GPT-4o-mini (gpt-4o-mini-2024-07-18)

GPT-4o-mini performed well when tasks were appropriately structured, particularly with per-rubric prompting and binary rubrics. However, it struggled with comprehensive prompts and maintaining consistency across multiple rubrics. The model required multiple grading runs to improve reliability and showed higher variance in predictions, especially for complex scalar rubrics.

Llama 3.1 70B Instruct Turbo (TogetherAI)

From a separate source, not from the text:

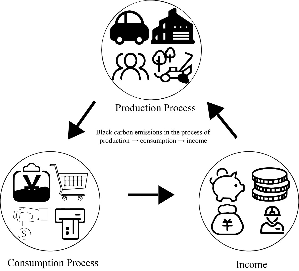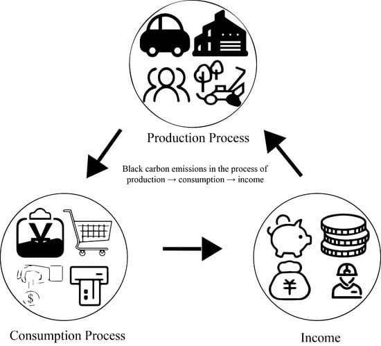 The integration of consumption-based emission analysis with input–output analysis (IOA) enables the assessment of environmental impacts across entire supply chains. Building on this approach, several studies have examined BC emissions in greater detail. Deng et al. [23] compiled BC emission inventories in China from 2002–2017 using energy consumption data and structural decomposition analysis, finding that urbanization and consumption patterns significantly influenced BC emissions. Meng et al. [25] investigated the drivers of BC emissions in four municipalities and quantified the contribution of key factors. Zhou et al. [19] examined the influence of atmospheric transmission and interprovincial trade on BC emissions in Hubei Province and proposed reduction measures. These studies collectively highlight the influence of socio-economic drivers on BC emissions and provide scientific foundations for policymaking. However, because the sectors of Chinese provinces are highly interconnected, effective decision-making requires consideration of the full cycle of production, circulation, distribution, and consumption. Identifying the supply chain linkages among economic sectors is therefore essential. The combination of structural path analysis (SPA) and IOA has been widely applied to identify critical emission and energy-use pathways and to trace emissions along these pathways [26,27]. While SPA-based studies have yielded valuable insights into the key sectors and critical paths driving PM2.5 and CO2 emissions, research specifically addressing BC is scarce. Fang et al. [28] applied SPA to reveal the critical pathways and main drivers of BC emissions in Sichuan Province, but such single-province studies cannot adequately capture the complex supply chain relationships that influence BC emissions across China. This limitation has hindered the development of more refined, region-specific mitigation strategies. Previous research has indicated that residential coal and biomass combustion are the primary sources of BC emissions in China and that significant disparities exist between urban and rural areas as well as among regions [29,30]. These differences stem from variations in income–expenditure ratios, consumption patterns, and geographic conditions. To design effective reduction policies, it is therefore necessary to understand the interactions between regional income flows and BC emissions from energy consumption.

Llama 3.1 70B consistently ranked lowest among the tested models, though it still provided usable results for basic grading assistance. The model showed higher variance in predictions, particularly in the Finance exam, and required multiple grading runs to improve consistency. It performed adequately on binary rubrics but struggled more with complex scalar assessments.

Conclusion

The analysis revealed clear differences in performance across AI models, with distinct patterns emerging for different types of assessment tasks. While Claude 3.5 Sonnet consistently demonstrated superior performance across all metrics, followed by Claude 3.5 Haiku, GPT-4o, GPT-4o-mini, and Llama 3.1 70B, all models provided acceptable results for basic grading assistance. Binary rubrics showed similar performance levels across models, while larger performance gaps emerged with scalar rubrics and complex assessments. This suggests that while model choice impacts grading reliability, even simpler models can provide valuable assistance when tasks are appropriately structured.